I pulled Horace back until he lay against my chest as I embraced him. Hugged him tight to me as he turned his handsome face toward mine, yellow eyes glowing.

“Why?” Horace asked with a furrow between his brows.

Because he didn’t deserve to live.

I whispered back, “Because she’s my friend.”

The razor-sharp blade jutted out from his chest cavity, blood spilling from his punctured heart as Sari lay beneath him weakly.

Slowly Sari turned her head and stared at me like she’d never seen me before.

“Why?” Horace asked again, unable to comprehend my reasoning. Betrayal and horror were painted all over his face as he trembled beneath my justice.

You killed Tara.

On frozen lips, I said, “Because no one ever saved me.”

Memories of Mother’s heatless flames flashed through my mind like a symphony of horrors. Writhing and pleading with the guards. Sneaking glances at my tutors, maids, the half warriors, desperate for someone to step in and save me.

“Why?” He asked a final time.

I breathed out frost, and it danced across Horace’s colorless skin. “Because dead men can’t kill women.”

With that final truth, I pulled the electric-blue ice dagger out of his back and once again slammed it through bone and muscle.

I hated killing with knives because it was so personal.

But this was intimate. Heinous. Soul-crushing.

My teeth chattered, my arms cradling Horace as he slumped lower with a confused expression.

Vampyres were powerful and extremely hard to kill. And unlike when I’d stabbed the two shifters in the beast realm, Horace didn’t shatter into a million pieces and dissolve like dust.

He didn’t crumple in on himself like Mother.

He just lay against me, helpless to do anything but die.

The oddly shaped crystal dagger plunging in and out of his chest was something neither of us understood.

Finally, when Horace had taken his last ragged breath, I stumbled off the bed and gently laid him down beside Tara.

The voices in the flames screamed at me.

The trembling intensified.

But I knew in my bones, he deserved it. And I’d do it again.

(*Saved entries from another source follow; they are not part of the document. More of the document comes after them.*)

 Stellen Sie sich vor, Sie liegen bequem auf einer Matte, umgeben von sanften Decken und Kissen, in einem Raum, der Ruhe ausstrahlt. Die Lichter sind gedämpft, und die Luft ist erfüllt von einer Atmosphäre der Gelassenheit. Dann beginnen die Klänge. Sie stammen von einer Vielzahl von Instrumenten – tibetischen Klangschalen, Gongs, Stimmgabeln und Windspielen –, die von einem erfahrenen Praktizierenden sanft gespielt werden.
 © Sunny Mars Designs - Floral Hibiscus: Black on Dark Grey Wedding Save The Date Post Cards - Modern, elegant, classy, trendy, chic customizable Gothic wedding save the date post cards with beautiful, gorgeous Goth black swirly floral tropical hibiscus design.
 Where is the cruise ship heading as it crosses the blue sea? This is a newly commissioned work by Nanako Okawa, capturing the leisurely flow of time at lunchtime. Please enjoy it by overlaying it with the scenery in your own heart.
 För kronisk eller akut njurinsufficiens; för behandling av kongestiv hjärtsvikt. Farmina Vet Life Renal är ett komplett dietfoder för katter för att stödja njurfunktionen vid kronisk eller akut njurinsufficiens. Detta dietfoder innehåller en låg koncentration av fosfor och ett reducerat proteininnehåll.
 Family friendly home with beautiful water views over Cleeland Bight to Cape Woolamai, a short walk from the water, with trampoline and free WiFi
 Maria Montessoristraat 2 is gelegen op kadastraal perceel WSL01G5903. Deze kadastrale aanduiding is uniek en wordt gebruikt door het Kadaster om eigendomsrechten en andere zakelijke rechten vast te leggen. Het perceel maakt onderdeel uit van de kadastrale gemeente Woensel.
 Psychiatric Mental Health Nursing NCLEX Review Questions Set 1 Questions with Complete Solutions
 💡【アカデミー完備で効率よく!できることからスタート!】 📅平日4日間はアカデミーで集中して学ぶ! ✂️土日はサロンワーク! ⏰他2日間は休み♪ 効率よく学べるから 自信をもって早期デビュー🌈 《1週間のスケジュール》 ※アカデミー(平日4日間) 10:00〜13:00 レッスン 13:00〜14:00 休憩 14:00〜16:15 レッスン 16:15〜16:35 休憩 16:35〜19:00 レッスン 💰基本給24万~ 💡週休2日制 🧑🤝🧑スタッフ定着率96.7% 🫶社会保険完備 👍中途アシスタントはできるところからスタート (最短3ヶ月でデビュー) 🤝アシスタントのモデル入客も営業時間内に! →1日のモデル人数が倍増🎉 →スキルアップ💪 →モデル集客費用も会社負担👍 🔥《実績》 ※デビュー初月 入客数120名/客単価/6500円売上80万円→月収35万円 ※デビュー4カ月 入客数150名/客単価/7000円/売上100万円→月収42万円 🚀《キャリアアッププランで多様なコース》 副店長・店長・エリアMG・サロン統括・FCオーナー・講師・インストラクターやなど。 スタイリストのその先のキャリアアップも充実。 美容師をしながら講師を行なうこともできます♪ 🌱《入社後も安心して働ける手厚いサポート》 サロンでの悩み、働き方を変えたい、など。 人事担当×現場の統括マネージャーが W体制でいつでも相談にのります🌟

“Sh-Sh-Shut u-up.” I whirled toward the fireplace with the dagger clenched between my fingers, and the movement sent twin spikes of pain burning down my spine.

The flames fell silent.

The red-and-yellow blaze extinguished to burning embers, like the flames were cowering before me.

You should cower.

I showed them my teeth.

In the silence, I whimpered. My chilled fingers twitched, and the dagger dropped to the floor and shattered into nothing.

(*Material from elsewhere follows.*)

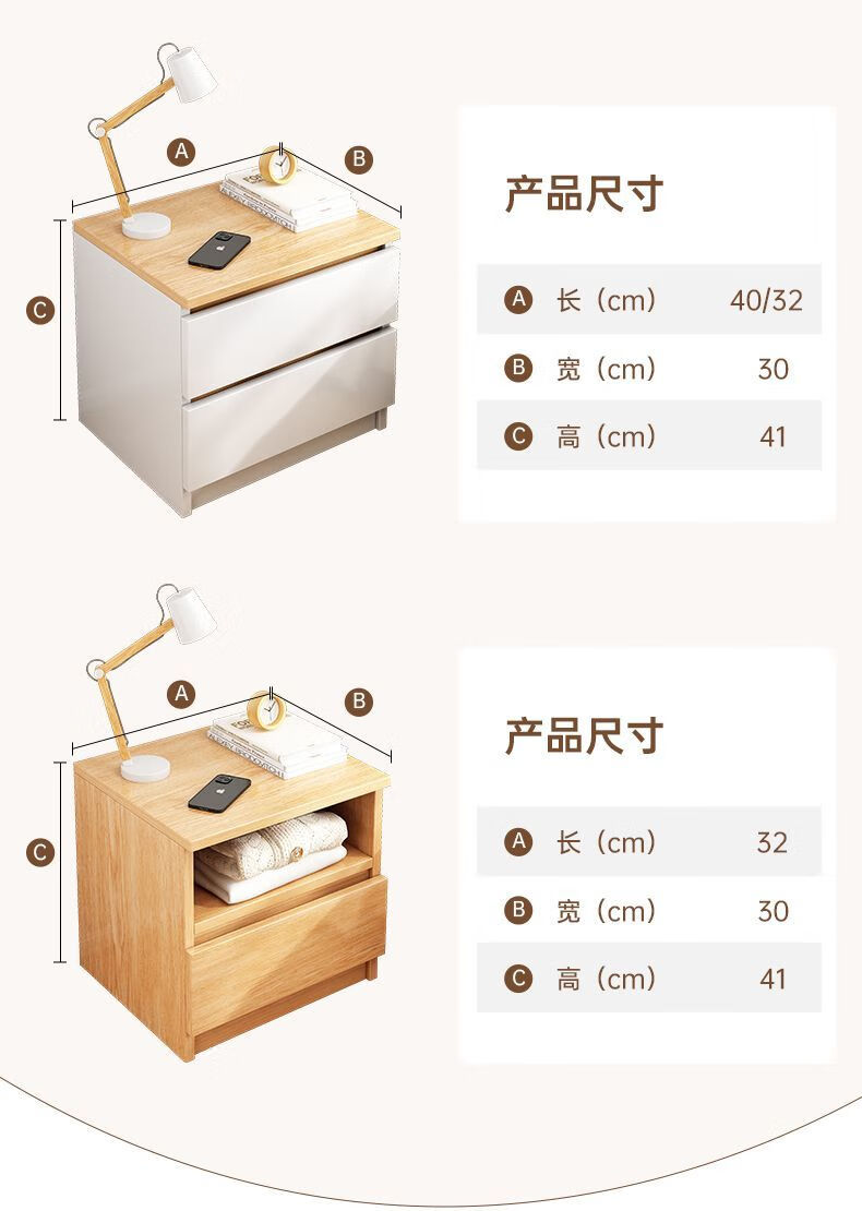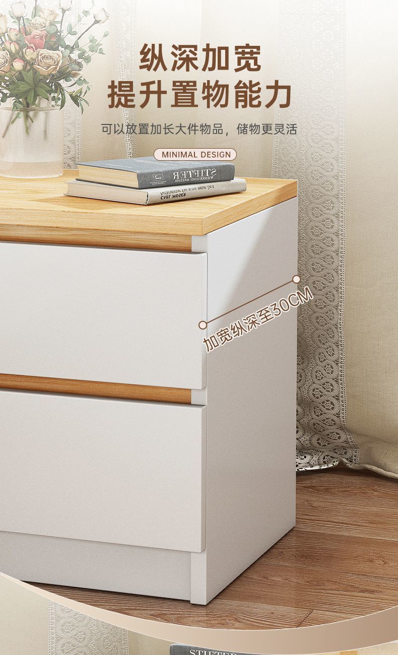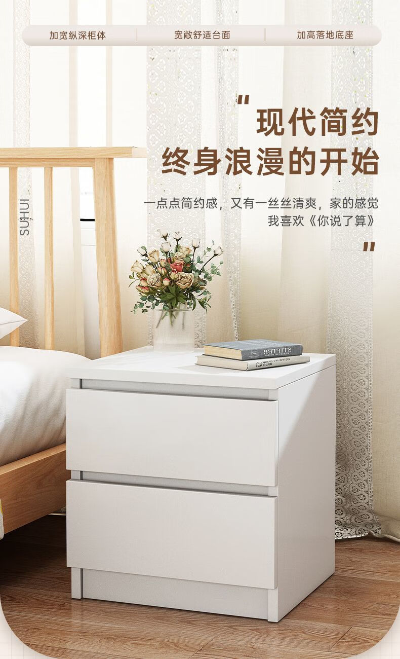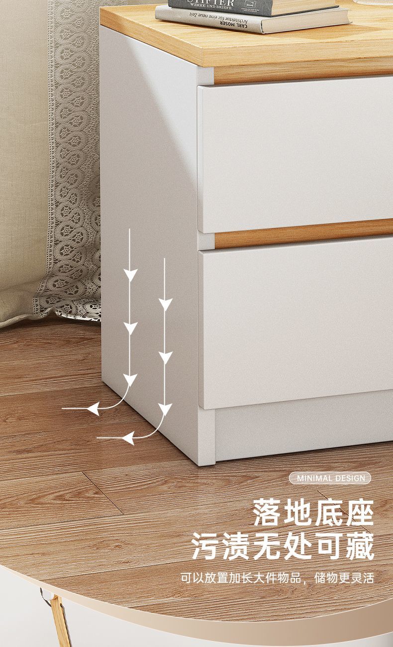 Yilande simple bedside table bedroom modern simple storage bedside table small apartment storage cupboard bedside table 40cm wide A double drawer 40*41*45cm black base-A

The pain in my back tripled, and I screamed silently.

Stumbling, floor and ceiling swapping places, I bent over Sari and gathered her up into my arms.

She was tall with an impressively defined musculature, and I grunted as I staggered under her weight.

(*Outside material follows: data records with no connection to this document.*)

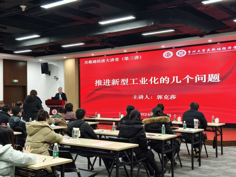 2024年1月8日,“吴敬琏经济大讲堂”第三讲在嘟嘟成人网 西太湖校区立言楼458报告厅举行。嘟嘟成人网邀请中国社科院郭克莎教授担任本次讲座的主讲人。嘟嘟成人网 党委副书记黄海燕、嘟嘟成人网 师生代表出席了本次活动。讲座由嘟嘟成人网 院长姜国刚主持。
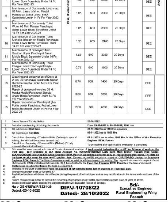Tender for Tender for Maintenance of Community Toilet Sangla Lower Panchayat Sangla Lower Block Surankote Under 14 Fc For Year 2022-23
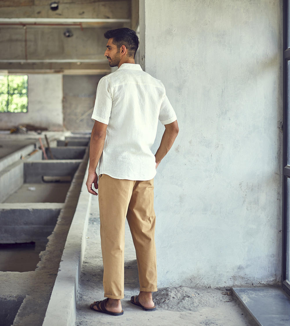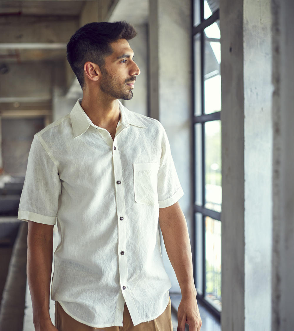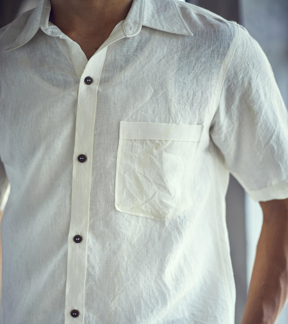 A white belgian linen half-sleeve regular fit shirt with spread collar and an up front patch pocket.

I pressed my hand over her bloody neck to staunch the flow, and she whimpered.

But before I could leave the room, another person entered.

I froze.

It was over.

Dark eyes watched me wearily, then widened when they saw the bed. “What did you do to Horace? What the fuck, Aran! Why?”

John ran to the vampyre’s side and looked him up and down, then looked back at my bloodstained arms.

“I n-n-eed to s-s-ave her.” I nodded my chin toward Sari in my arms and silently pleaded with him to understand.

My teeth were chattering too aggressively for me to explain, and there wasn’t time.

The moment stretched.

Finally, John’s shoulders slumped, and he shook his head. “Fine, Aran, get her help and do what you need to do. I’ll stay here and deal with his body.”

I was still frozen with shock.

John shook his head. “Go! I told you you’re my best friend. I’ll deal with the body. Hurry!”

Drunk on demon brew, high on enchanted smoke, and shaking from the adrenaline of murdering my friend, I stumbled down the hall with Sari in my arms.

Staggering under the weight of my deeds, I slammed into the wall and barely pushed myself off in time.

Lightning streaked, and my teeth hurt from the proximity to the voltage.

Sari whimpered.

I didn’t know how I reached the hall’s door. Didn’t remember falling in front of Lyla. Pushing Sari’s limp body at her as I collapsed on the dance floor.

I didn’t remember the witch kneeling. Runes glowing. Healing magic reknitting Sari’s savaged throat.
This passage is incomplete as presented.